It’s hard to describe what it’s like to watch your child step into the abyss of mental illness. I’ve struggled to find the right metaphor, but I have only this: she is falling, as if into a deep, dark well. The descent feels quick, yet as though it's happening in slow motion. You gasp, you reach out to grab her. You scrabble for a grip on her arm, her clothing, her hair, anything. But you can’t catch her, you can’t stop her. She keeps falling. All you can do is watch. You don’t know where this will end, but you sense it will end badly.

It was a very lonely time. Many friends and neighbours did not know. Concerned people from daycare or school would remark on her absence. Was she okay? Would she be back soon? There was no easy way to explain what was going on. Years of twitches and coughs we had easily and unselfconsciously summarised with, “She has tics.”  Now, there were no summaries. No, it’s not a “tantrum” like the ones your kids have. No, it’s not “defiance.” It’s not “bad behaviour.” We know what those things are, we’ve seen them too, but this is something much more severe, much more alarming.

We think we are open-minded about mental illness, but for all the well-intentioned campaigns and measured disclosures about depression, mental illness is still stigmatised and poorly understood. People still put jokes about “schizophrenia” and “OCD” on their Facebook feeds in a way they would never dream of doing with cancer or heart disease.
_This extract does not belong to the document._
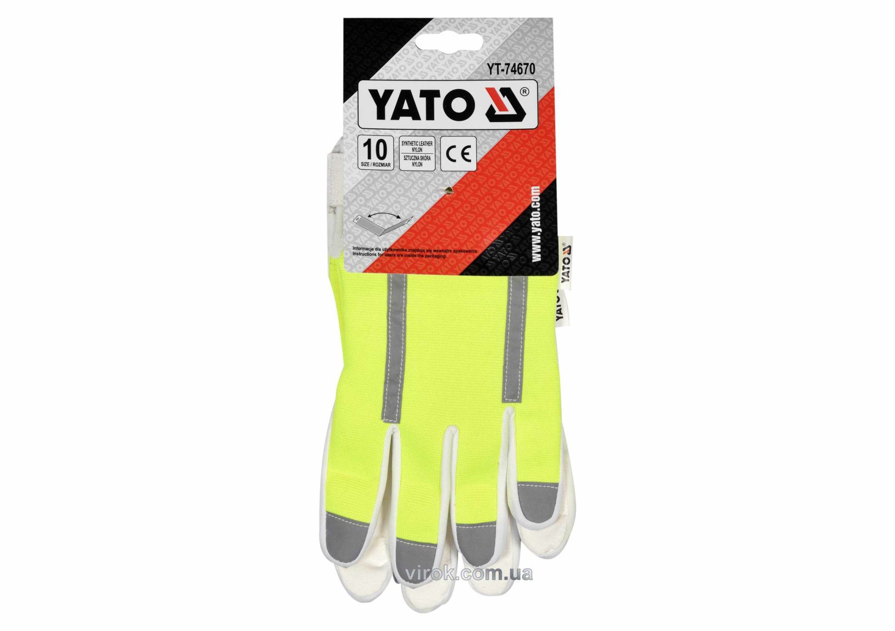 YATO Рукавиці робочі біло-жовті з світловідбиваючою нейлоновою тканиною : екошкіра, розмір 10

People send classroom cards and flowers to kids who miss school for sudden abdominal surgery, but not for kids sick in the mind. Mental illness is still somehow considered a person’s own fault. A character flaw. A danger, even. Most days, I simply could not cope with condemnation in addition to crisis. So I stayed quiet, I stayed inside. 

We were now about two months into our crisis and this was the first full recounting of my daughter’s illness that any health professional had been willing to hear.

The isolation was only deepened by the sense that the medical establishment had abandoned us. Not only did it take forever to get their attention, once we did, they were of no help. We thought very carefully about what they each had to say. But in the end, we decided that their learned advice seemed at best misguided and, at worst, harmful. We both had a strong internal sense that what our daughter needed, above all else, was protection and compassion. So we backed off.

Ordinary rules were suspended. She did not have to sleep alone, eat alone, brush her teeth alone, leave the house, be seen by friends, or go to school. She did not have to face her fears, old or new. There were no consequences. From that point on, we would accept that, for whatever reason, our daughter could not control her behaviour in the way she had always been able to. She should not be punished for this any more than a child who develops epilepsy should be punished for a seizure.

It flew in the face of all the professional advice we’d been given. But we were convinced that it was the right thing to do. Looking back, it is the strength it took to come to this decision, and to stick by it, that makes us most proud as parents. 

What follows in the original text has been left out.